Address
- 7425 Willis Road Ypsilanti, Washtenaw, Michigan, 48197 United States

District information
- Grades: Pre-Kindergarten-12
- Superintendent: Gregory Smith
- Schools: 6
- Budget: $66,782,000 2022-2023 expenditures
- NCES District ID: 2621570

Students and staff
- Students: 3,416 (2024-2025)
- Teachers: 202.79 (on an FTE basis) (2024-2025)
- Staff: 518.1 FTE (2024-2025)
- Student–teacher ratio: 16.85 (2024-2025)

Other information
- Website: www.lincolnk12.org

= Lincoln Consolidated School District (Michigan) =

Public school district

Lincoln Consolidated Schools is a public school district near Ypsilanti, Michigan. In Washtenaw County, it serves parts of Augusta Township, York Township, and Ypsilanti Township. In Wayne County, it serves parts of Sumpter Township and Van Buren Township.

==History==
Dr. Marvin Pittman, a professor at what is now Eastern Michigan University, was a proponent of public education. In 1921, he had the innovative idea of consolidating the one-room schoolhouse districts south of Ypsilanti into a single district that would provide agricultural training and give students a pathway to attend university. Because of his advocacy organization, Michigan Trailblazers, the districts consolidated in 1922 and 1923, and in fall 1924, The Agricultural Rural Training School No. 1 of Ypsilanti and Augusta Townships opened at the corner of Willis and Whitaker Roads. The community then chose to name the district Lincoln Consolidated (although the Trailblazer District was considered). Originally, the teachers were instructors and students from the University, then known as Michigan State Normal College.

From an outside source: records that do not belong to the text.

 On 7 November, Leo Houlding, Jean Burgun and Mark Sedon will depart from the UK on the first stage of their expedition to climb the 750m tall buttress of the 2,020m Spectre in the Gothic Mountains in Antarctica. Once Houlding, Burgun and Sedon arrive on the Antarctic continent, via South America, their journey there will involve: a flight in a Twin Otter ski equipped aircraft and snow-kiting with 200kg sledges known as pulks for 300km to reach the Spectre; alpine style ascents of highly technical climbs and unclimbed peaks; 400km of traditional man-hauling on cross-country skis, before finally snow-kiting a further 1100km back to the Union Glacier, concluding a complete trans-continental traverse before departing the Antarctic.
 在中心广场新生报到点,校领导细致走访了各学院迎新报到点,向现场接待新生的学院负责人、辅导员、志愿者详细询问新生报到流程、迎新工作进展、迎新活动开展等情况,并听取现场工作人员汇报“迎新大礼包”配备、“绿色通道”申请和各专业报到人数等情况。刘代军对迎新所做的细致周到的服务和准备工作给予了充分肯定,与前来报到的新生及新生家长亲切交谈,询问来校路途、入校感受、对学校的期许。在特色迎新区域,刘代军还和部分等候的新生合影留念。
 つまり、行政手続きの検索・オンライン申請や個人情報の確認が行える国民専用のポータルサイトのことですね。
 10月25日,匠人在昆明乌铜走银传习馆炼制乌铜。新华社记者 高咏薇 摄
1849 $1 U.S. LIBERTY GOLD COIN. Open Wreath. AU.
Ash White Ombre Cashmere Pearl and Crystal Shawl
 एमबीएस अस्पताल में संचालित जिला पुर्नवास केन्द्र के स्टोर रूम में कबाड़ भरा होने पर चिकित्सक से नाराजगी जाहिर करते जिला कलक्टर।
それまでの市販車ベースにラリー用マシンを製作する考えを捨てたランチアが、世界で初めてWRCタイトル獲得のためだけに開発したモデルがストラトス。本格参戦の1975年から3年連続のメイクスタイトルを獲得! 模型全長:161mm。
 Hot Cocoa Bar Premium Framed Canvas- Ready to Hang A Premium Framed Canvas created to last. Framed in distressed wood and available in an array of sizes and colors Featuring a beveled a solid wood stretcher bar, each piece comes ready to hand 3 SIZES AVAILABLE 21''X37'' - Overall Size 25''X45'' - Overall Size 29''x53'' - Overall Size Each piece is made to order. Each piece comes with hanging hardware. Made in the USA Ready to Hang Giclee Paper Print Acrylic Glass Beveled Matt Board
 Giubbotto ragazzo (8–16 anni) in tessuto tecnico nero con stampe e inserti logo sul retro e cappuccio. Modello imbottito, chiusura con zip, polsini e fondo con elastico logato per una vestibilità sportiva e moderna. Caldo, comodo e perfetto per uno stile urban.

On December 5, 1925, the building was destroyed by a fire. It reopened in 1927 after being rebuilt. The architect was The Warren Holmes-Power Company. Additions were built in 1936 and 1951. The building serves today as Brick Elementary.

Several schools in the district share a campus with the original building. Model Elementary, named after a schoolhouse that had been built in 1844, was built there in 1956. The current Lincoln High School was built in 1961 and expanded in 1996. Lowden School, an 1853 schoolhouse, was restored and moved to the campus in 1989. Lincoln Middle School was built in 2001. Childs Elementary was built north of campus in 2003.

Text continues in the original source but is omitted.